Studies looking at flood risk analysis and assessment (FRA) reviews are not customary, and they usually approach to methodological and spatial scale issues, uncertainty, mapping or economic damage topics. However, most of these reviews provide a snapshot of the scientific state of the art of FRA that shows only a partial view, focused on a limited number of selected methods and approaches. In this paper, we apply a bibliometric analysis using the Web of Science (WoS) database to assess the historic evolution and future prospects (emerging fields of application) of FRA. The scientific production of FRA has increased considerably in the past decade.

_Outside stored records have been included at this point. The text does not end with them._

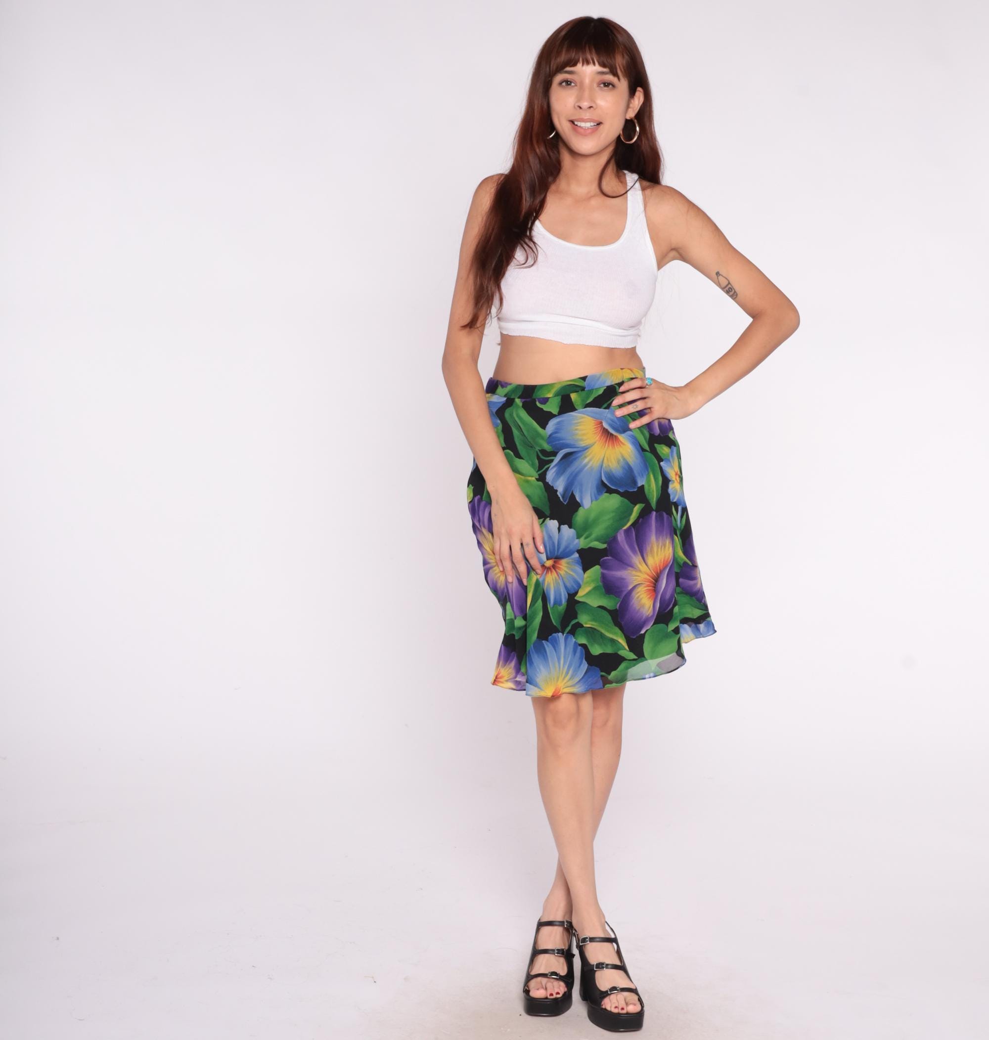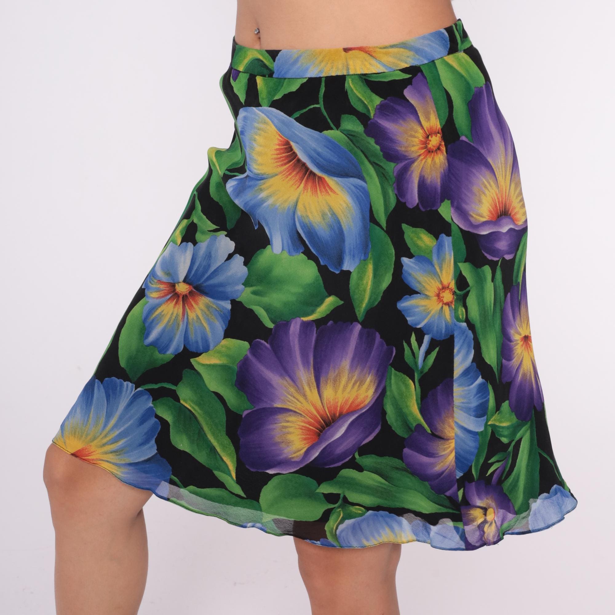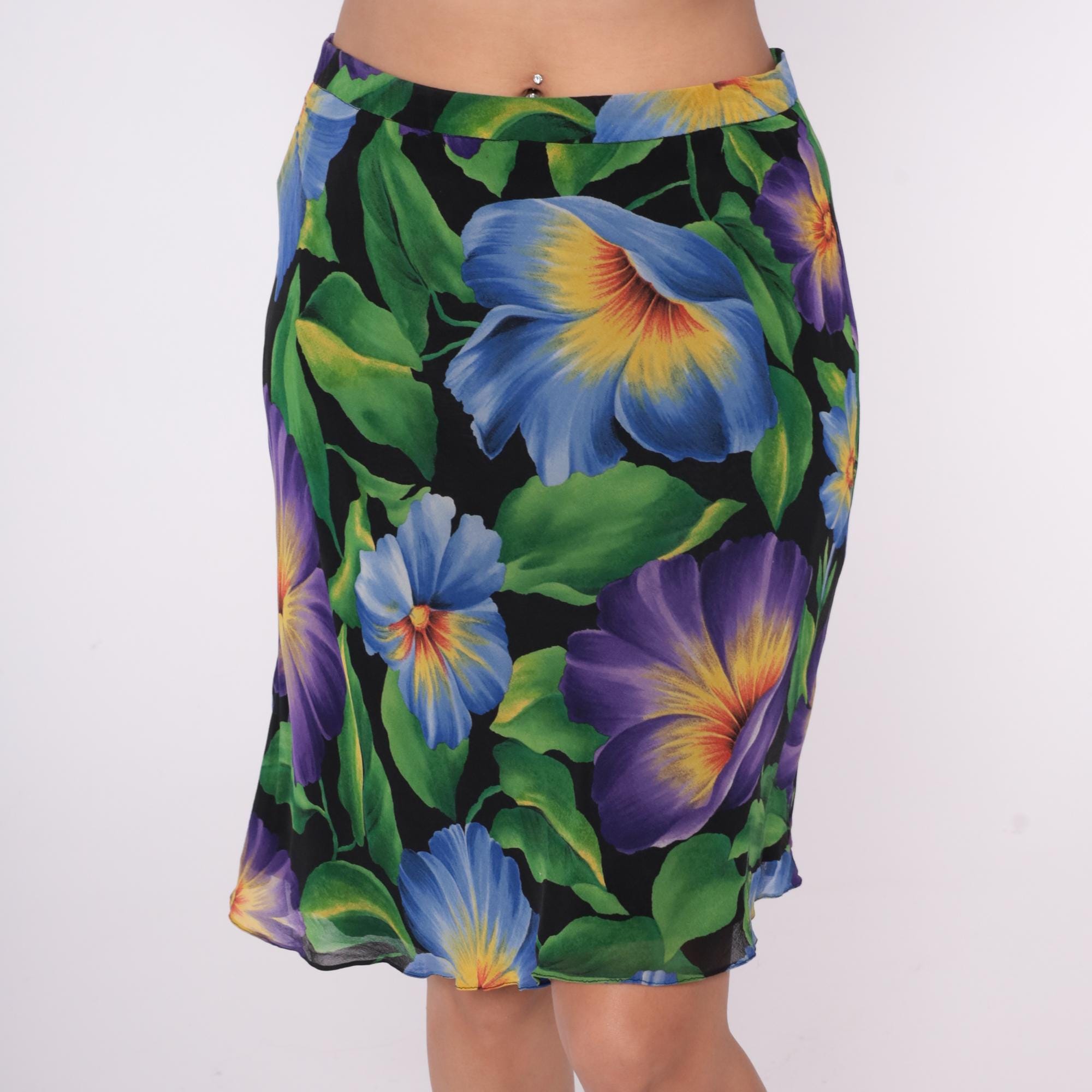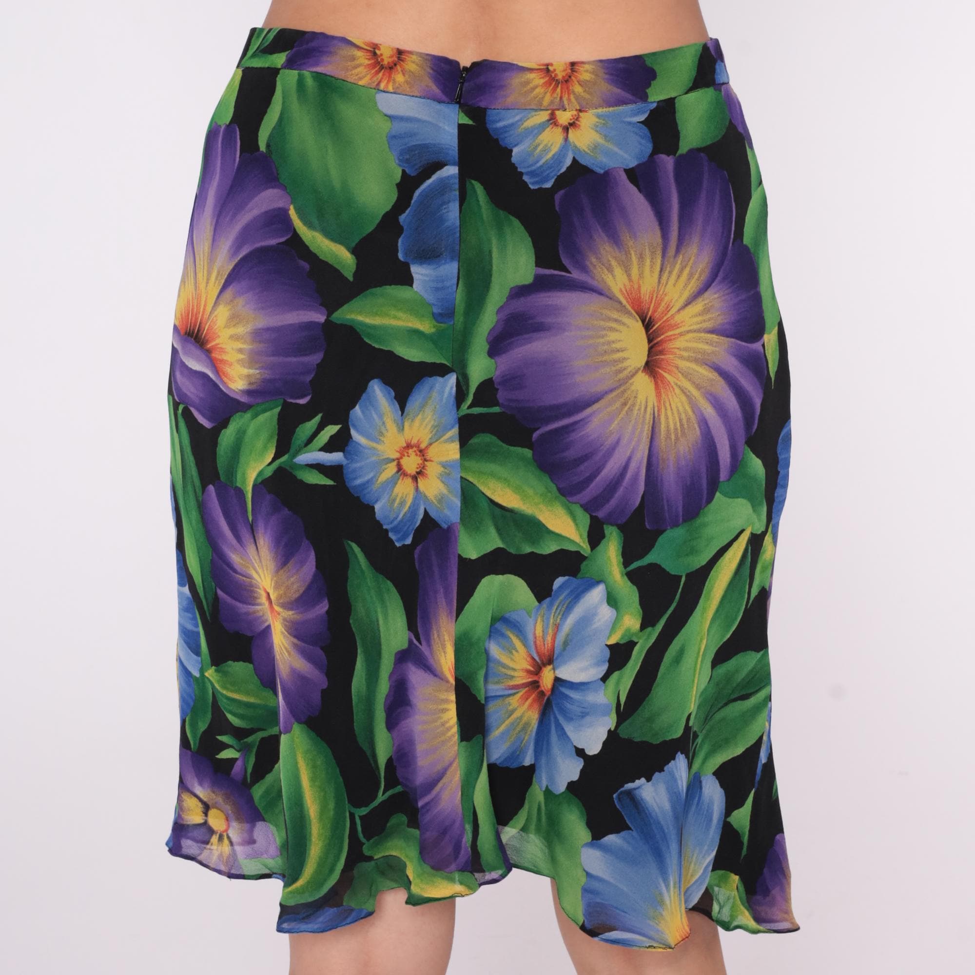 90s floral silk skirt from Liz Claiborne with large purple and blue flowers, green leaves on black background. Bias cut construction, side zip closure, knee-length silhouette. Yellow and orange gradient centers on flowers throughout print.
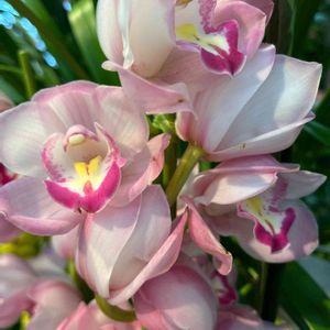 昨日に引き続き、シンビジュウム🌸 シーサイドスター‘ピュアメモリー’ Cymbidium Seaside Star 'Pure Memory' 後ろにぼんやり映ってた方のシンビジュウムです☻︎ 淡い色でほんわか☺️💞 昔、母が親戚の何かお祝いで贈られてくるシンビジュウムや胡蝶蘭をその家の人はお花を育てるのが好きじゃなかったみたいでもらってと言われた二鉢から株分けして10鉢くらい増やしてました🎶 10年くらい咲いてくれてたけどダメになって 今回母の快気祝いも兼ねて2鉢プレゼント🎁 シンビジュウムは案外育てやすいですよね と言っても私はノータッチですが😅 華やかでほのぼの癒されます🌸💖 今、行きつけのフラワーショップでシンビジュウムフェア開催されてるようでインスタで紹介されてるのは数万するんじゃないかってくらい、蘭展に出品できそうなくらいの花付きのよいシンビジュウム😆 お手頃価格でお迎えできそうな小振りのあるかなー❓
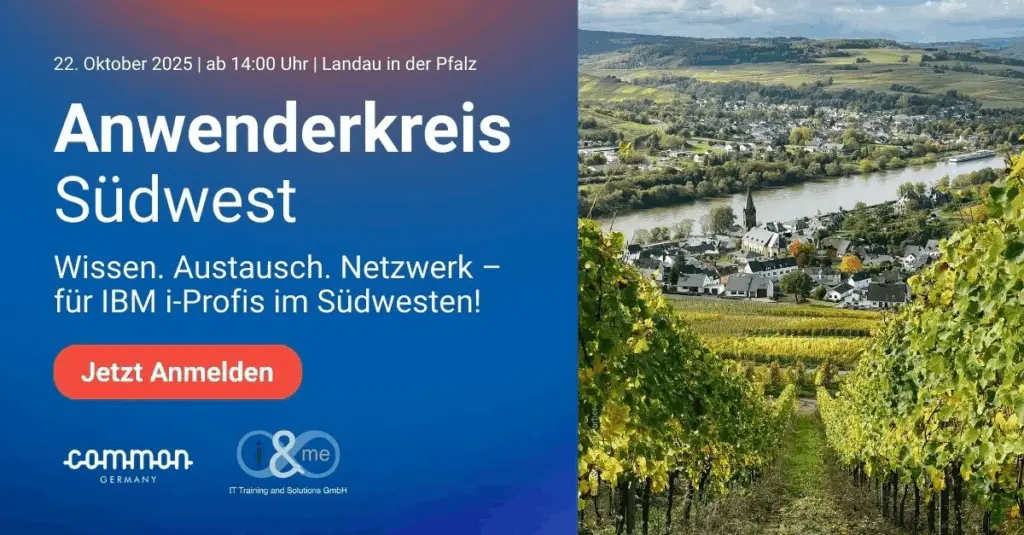 Am 04.02.2026 dreht sich in Landau beim Common AWK Südwest alles um das Thema Sicherheit auf und für IBM i Nach dem unerwartet hohen Zuspruch auf unseren ersten Common Anwenderkreis Südwest im Oktober 2025, freuen wir uns alle schon sehr auf Ihren Besuch im schönen Landau in der Pfalz am 4. Februar. SICHERHEIT Darum dreht […]

At the beginning, US researchers dominated the field, but now they have been overtaken by the Chinese. The Netherlands and Germany may be highlighted for their more complete analyses and assessments (e.g., including an uncertainty analysis of FRA results), and this can be related to the presence of competitive research groups focused on FRA. Regarding FRA fields of application, resilience analysis shows some growth in recent years while land planning, risk perception and risk warning show a slight decrease in the number of papers published. Global warming appears to dominate part of future FRA production, which affects both fluvial and coastal floods. This, together with the improvement of economic evaluation and psycho-social analysis, appear to be the main trends for the future evolution of FRA. Finally, we cannot ignore the increase in analysis using big data analysis, machine learning techniques, and remote sensing data (particularly in the case of UAV sensors data)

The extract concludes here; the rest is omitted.